Exercise directions -
Below are entries with pictures among them; reproduce exactly, and only, the lines from the one containing "Азиатская пара делает покупки в интернете" down to the one containing "Z nimi CR7 grał najwięcej", without the pictures.

Provided data -
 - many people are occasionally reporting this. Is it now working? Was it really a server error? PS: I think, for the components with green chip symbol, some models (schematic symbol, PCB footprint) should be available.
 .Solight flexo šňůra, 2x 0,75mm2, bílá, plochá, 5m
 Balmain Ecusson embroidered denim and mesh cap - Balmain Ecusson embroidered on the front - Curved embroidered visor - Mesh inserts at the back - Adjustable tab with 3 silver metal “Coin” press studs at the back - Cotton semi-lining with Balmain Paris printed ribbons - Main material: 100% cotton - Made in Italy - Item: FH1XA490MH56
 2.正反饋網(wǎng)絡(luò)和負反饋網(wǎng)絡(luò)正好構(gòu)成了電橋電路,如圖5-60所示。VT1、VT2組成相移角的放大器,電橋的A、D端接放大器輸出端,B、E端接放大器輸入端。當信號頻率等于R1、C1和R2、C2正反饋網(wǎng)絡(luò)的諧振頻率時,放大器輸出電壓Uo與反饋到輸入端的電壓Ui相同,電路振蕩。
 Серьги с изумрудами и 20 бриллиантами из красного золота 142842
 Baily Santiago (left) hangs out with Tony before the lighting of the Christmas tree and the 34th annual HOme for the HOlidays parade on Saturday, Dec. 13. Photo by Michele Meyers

--

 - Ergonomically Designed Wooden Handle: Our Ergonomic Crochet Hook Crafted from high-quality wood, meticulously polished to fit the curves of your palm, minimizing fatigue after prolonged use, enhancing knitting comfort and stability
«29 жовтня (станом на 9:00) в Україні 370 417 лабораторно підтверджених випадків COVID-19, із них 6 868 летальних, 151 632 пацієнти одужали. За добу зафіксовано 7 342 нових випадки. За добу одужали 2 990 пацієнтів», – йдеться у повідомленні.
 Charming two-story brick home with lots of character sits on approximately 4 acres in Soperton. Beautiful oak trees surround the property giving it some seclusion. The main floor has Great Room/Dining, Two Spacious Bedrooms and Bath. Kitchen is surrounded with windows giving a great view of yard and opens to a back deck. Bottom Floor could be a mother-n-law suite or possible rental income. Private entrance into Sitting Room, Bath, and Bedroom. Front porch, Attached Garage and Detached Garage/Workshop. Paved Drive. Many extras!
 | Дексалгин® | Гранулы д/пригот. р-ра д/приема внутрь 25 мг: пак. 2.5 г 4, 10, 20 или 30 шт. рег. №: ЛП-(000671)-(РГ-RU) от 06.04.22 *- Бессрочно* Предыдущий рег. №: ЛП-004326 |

---

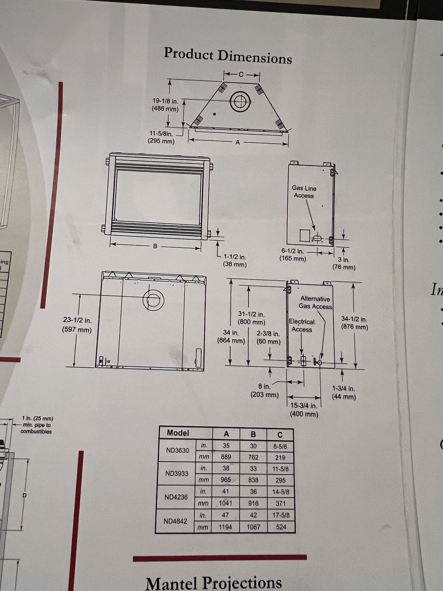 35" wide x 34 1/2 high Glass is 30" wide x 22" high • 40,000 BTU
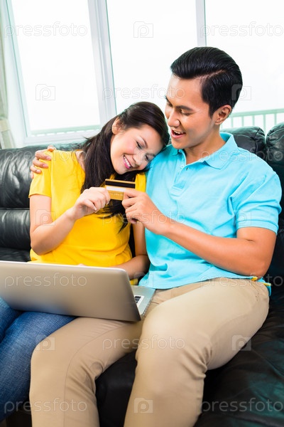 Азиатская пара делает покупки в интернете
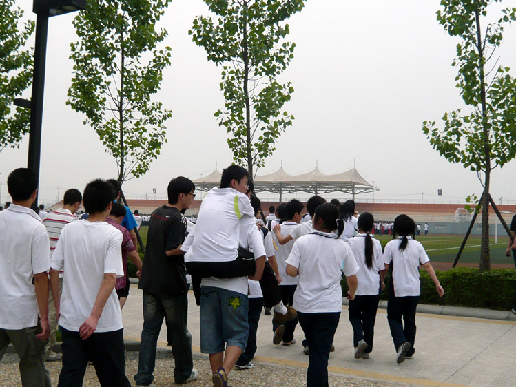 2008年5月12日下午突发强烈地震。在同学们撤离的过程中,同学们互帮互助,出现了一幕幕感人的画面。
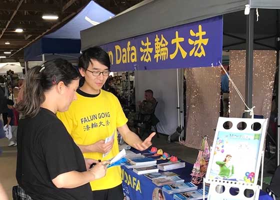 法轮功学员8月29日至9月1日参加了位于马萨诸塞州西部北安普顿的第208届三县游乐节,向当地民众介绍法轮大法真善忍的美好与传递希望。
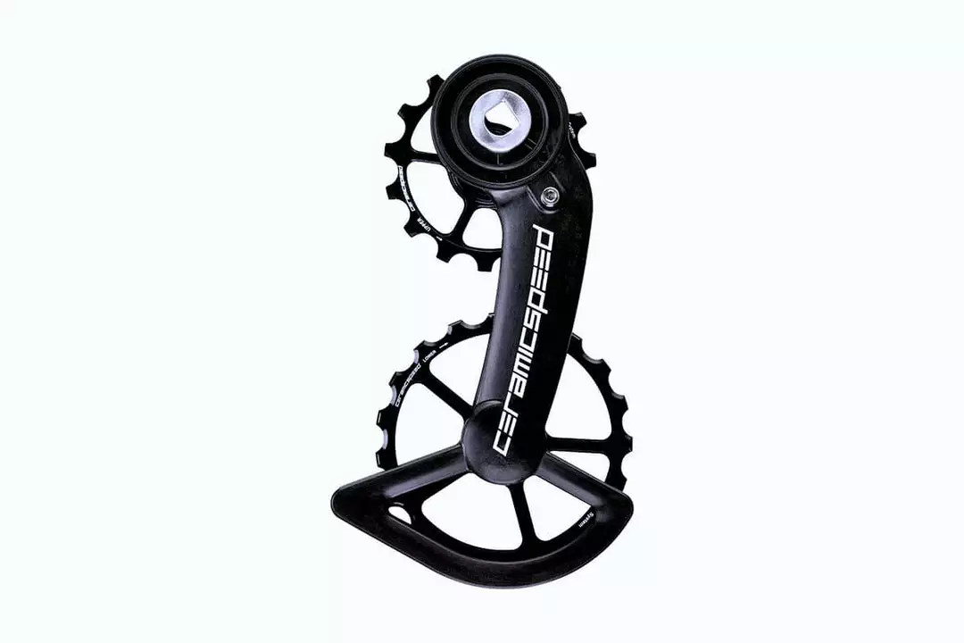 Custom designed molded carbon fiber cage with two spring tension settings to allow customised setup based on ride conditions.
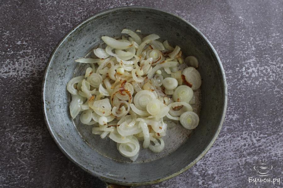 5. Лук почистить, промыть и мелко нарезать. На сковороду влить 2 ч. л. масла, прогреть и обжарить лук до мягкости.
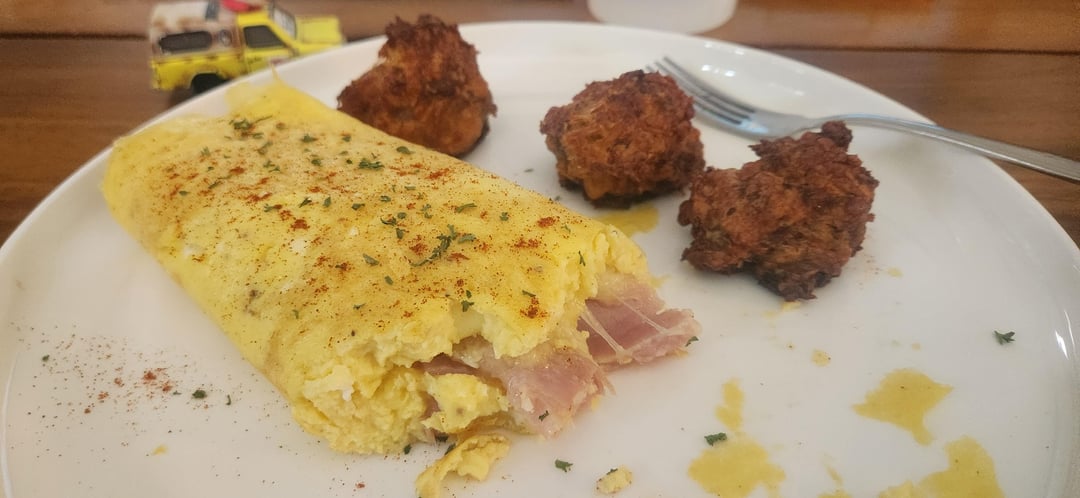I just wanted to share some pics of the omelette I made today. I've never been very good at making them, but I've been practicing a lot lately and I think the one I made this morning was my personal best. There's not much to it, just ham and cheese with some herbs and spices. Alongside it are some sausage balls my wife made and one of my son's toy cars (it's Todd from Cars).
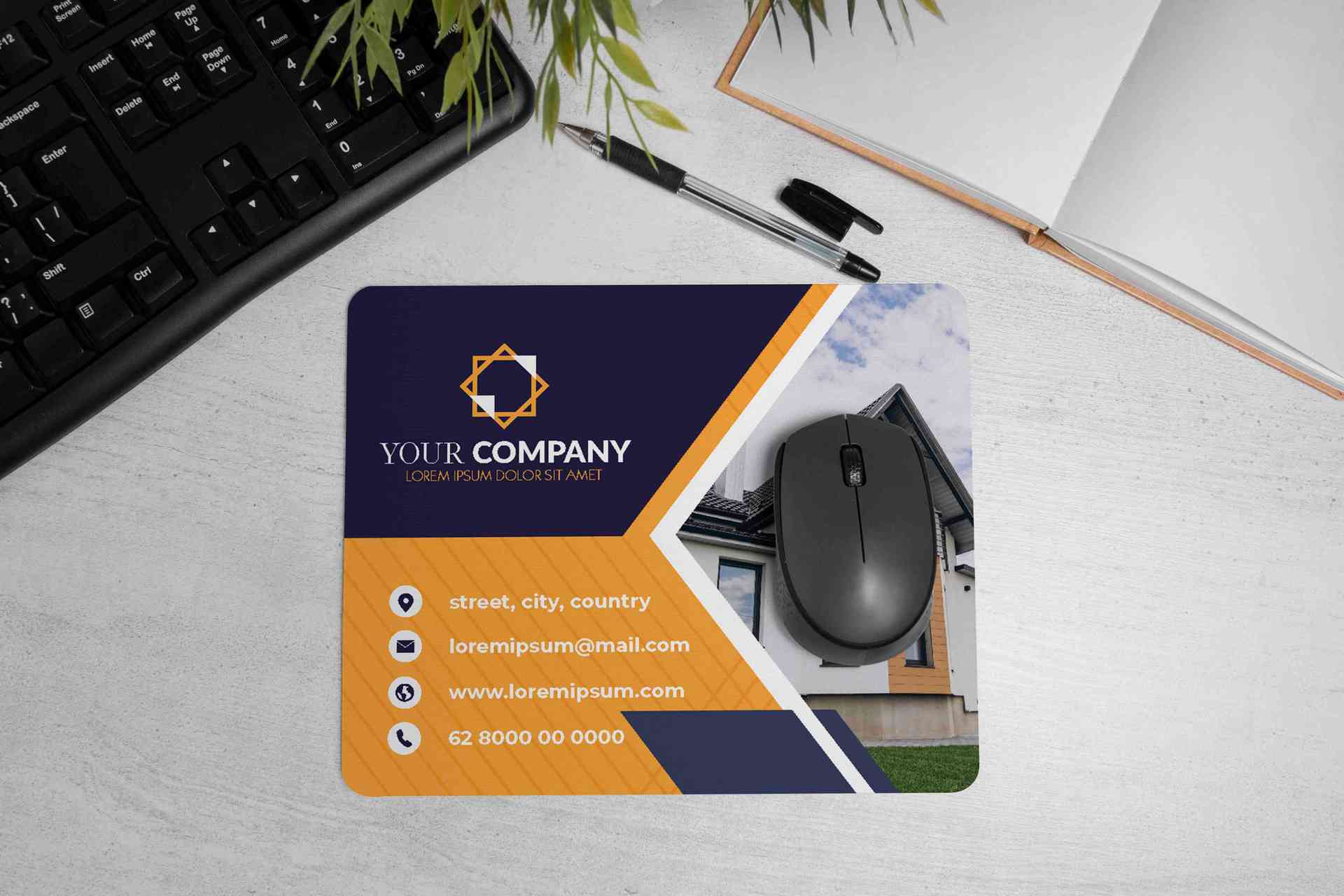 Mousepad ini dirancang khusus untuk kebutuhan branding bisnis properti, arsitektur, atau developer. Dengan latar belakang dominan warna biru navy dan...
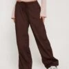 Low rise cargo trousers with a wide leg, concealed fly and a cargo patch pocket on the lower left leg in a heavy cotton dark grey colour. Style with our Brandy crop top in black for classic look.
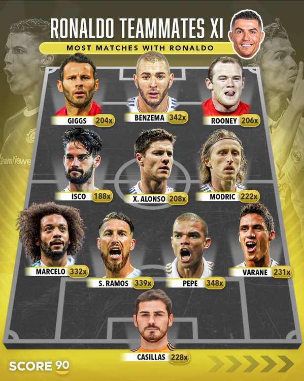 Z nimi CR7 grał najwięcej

Exercise output -
 Азиатская пара делает покупки в интернете
 2008年5月12日下午突发强烈地震。在同学们撤离的过程中,同学们互帮互助,出现了一幕幕感人的画面。
 法轮功学员8月29日至9月1日参加了位于马萨诸塞州西部北安普顿的第208届三县游乐节,向当地民众介绍法轮大法真善忍的美好与传递希望。
 Custom designed molded carbon fiber cage with two spring tension settings to allow customised setup based on ride conditions.
 5. Лук почистить, промыть и мелко нарезать. На сковороду влить 2 ч. л. масла, прогреть и обжарить лук до мягкости.
I just wanted to share some pics of the omelette I made today. I've never been very good at making them, but I've been practicing a lot lately and I think the one I made this morning was my personal best. There's not much to it, just ham and cheese with some herbs and spices. Alongside it are some sausage balls my wife made and one of my son's toy cars (it's Todd from Cars).
 Mousepad ini dirancang khusus untuk kebutuhan branding bisnis properti, arsitektur, atau developer. Dengan latar belakang dominan warna biru navy dan...
 Low rise cargo trousers with a wide leg, concealed fly and a cargo patch pocket on the lower left leg in a heavy cotton dark grey colour. Style with our Brandy crop top in black for classic look.
 Z nimi CR7 grał najwięcej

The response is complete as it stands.